A part of how we survive has to do with our ability to accept the reality within which we live, and adhere to its basic rules of conduct. All religion and philosophy point us to this end or point out this end. This is the ultimate message of ideologies—religious, philosophic, scientific, consumer-based. Schizophrenia, however, destroys this innate human reasoning ability, our ability to literally
fit in,
and life thus becomes unacceptable on every level. You conclude, again and again, that you simply
do not matter
, so you begin to construct intricate mental worlds in which you not only matter but in which you are the epicenter. That is, of course, until some small chink of reality's light wrecks the delusion and those worlds crumble, as they always do, and others must be created. You need a signifier, as Dr. Smith would have put it, for why you don't matter, for the unbearable, seemingly sourceless oppression and persecution: the devil, your father, satellite messages, big government, the CIA, the president, the liberal media, minorities, lawyers, your own guilt, chemicals in cupcakes, the stock market, and so on.

During recreation hour on Monday April 13, 1992, Michael made his way over toward the main building of the home, waited until the two male psych nurses had turned around, and scaled a short fence that surrounded the building (this was not high-security in the least; most people here were addicts or depressives, no threat to anyone; even the schizophrenics besides Michael were less severe cases and for the most part docile, working toward living independently).

He landed on his feet, kept close to the building and out of sight of the workers. He walked away. It was easy. He strode through the city of Newport News, which borders Hampton, past old homes and convenience stores and Laundromats, under hissing power lines.

It was his fault, all of it, the whole world, the universe spinning endlessly away from God. My brother believed, today at least, that he had to pay for the world's sins with his own blood. That's what my father expected of him.
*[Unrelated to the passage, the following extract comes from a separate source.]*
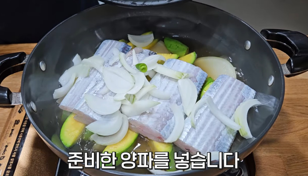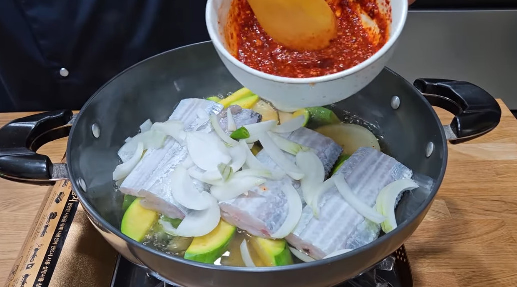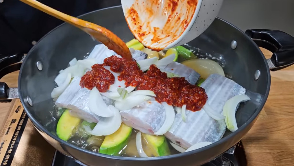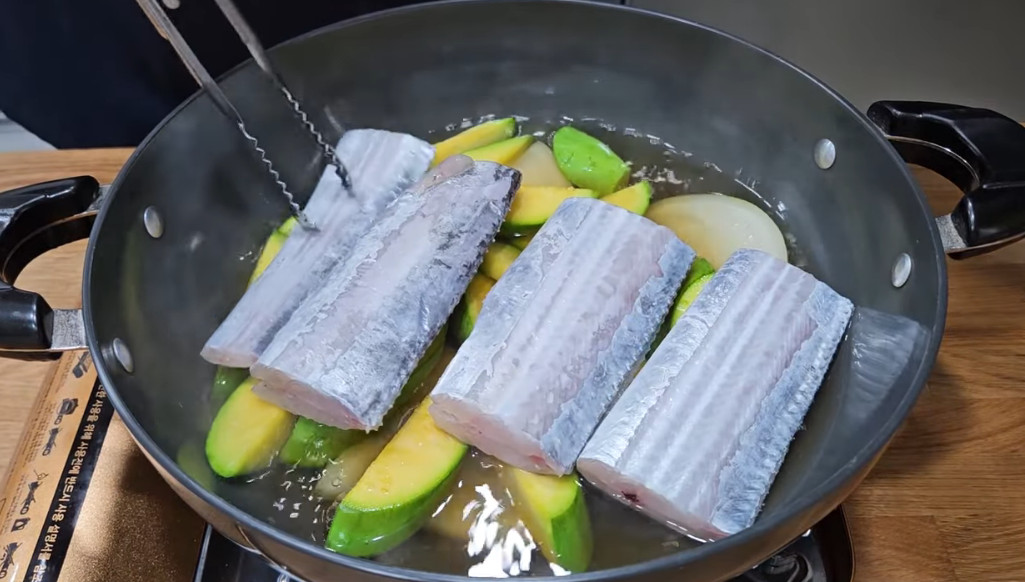 13. 무를 넣고 끓인지 7분이 지났으면 절여놓은 애호박과 갈치 1마리를 넣어주세요. (이렇게 무를 먼저 초벌로 익혀주지 않으면 나중에 갈치는 다 익었는데 무가 익지 않는 상황이 발생합니다. 그러니 꼭 무를 먼저 익혀주세요)
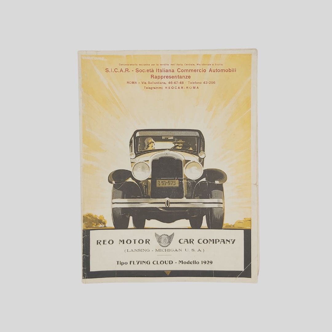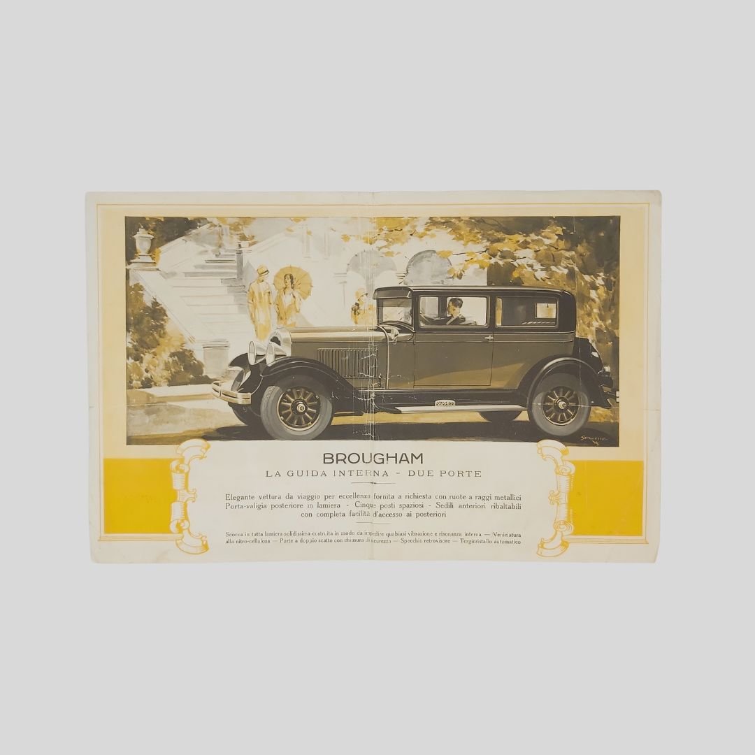 Pieghevole pubblicitario, cm cm 21,5×28 (formato aperto: cm 43×28). Concessionaria per la vendita nell’Italia Centrale, Meridionale e Sicilia S.I.C.A.R. Società Italiana Commercio Automobili Rappresentanze. Sciupato. Evidenti Tracce d’uso. Piegoline. Elegante vettura da viaggio per eccelenza fornita a richiesta con ruote a raggi metallici. Porta-valigia posteriore in lamiera – Cinque posti spaziosi – Sedili anteriori ribaltabili con completa facilità d’accesso ai posteriori.

He realized, though, that he shouldn't kill himself; that was a sin against God, a constant pull in his mind, but a mistake, impure, insuring certain damnation. He had to be killed by the state. He had to be made into a martyr for lost, murdered children by—and it made perfect, intricate sense to him—admitting he murdered one.
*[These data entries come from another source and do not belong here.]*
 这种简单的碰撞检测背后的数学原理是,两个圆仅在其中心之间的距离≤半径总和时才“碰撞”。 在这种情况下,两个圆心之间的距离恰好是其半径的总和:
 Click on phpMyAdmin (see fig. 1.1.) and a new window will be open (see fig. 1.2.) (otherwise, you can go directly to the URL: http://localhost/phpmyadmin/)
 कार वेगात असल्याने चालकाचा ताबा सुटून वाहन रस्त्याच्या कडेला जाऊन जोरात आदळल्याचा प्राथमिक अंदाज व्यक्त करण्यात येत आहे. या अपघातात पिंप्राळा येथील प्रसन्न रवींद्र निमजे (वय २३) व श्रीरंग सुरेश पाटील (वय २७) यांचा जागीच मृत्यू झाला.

The death of S—he had seen the crime scene, studied its arrangements, the movements of the cops through the woods—was something preeminent in his mind, one of those thoughts that became confused with others, attached to others—things real, imagined, heard, read. To be a murderer, a child murderer, is to be defined, to have concrete meaning, to be the true godlike center of a world that does in fact make perfect, horrible sense. To be a murderer is to have a solid identity.

At a 7-Eleven, nine years after the murder and rape of S in our old neighborhood, Michael called 911 to confess his sin: He was the one. He was a rapist and murderer. Please come pick me up, he begged. He'd be waiting right here.